A word-for-word copy of the data, pictures excluded, is what this task asks for.
[[ Material provided open ]]
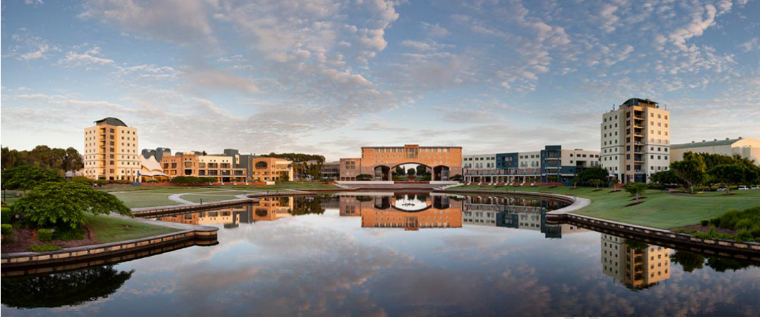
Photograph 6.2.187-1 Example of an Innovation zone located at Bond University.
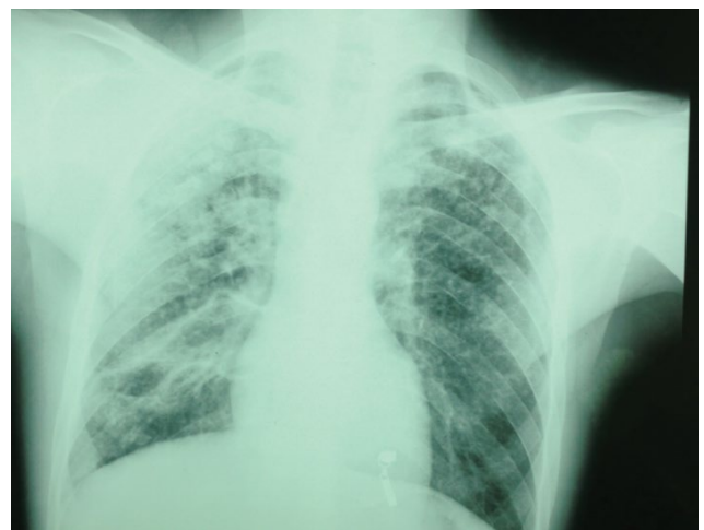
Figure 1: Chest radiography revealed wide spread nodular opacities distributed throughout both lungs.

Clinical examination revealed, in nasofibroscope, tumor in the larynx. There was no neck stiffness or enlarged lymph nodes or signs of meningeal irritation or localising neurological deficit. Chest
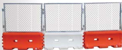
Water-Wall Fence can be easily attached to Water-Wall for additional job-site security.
[[ Material provided closed ]]
Finished exercise>
Photograph 6.2.187-1 Example of an Innovation zone located at Bond University.
Figure 1: Chest radiography revealed wide spread nodular opacities distributed throughout both lungs.

Clinical examination revealed, in nasofibroscope, tumor in the larynx. There was no neck stiffness or enlarged lymph nodes or signs of meningeal irritation or localising neurological deficit. Chest
Water-Wall Fence can be easily attached to Water-Wall for additional job-site security.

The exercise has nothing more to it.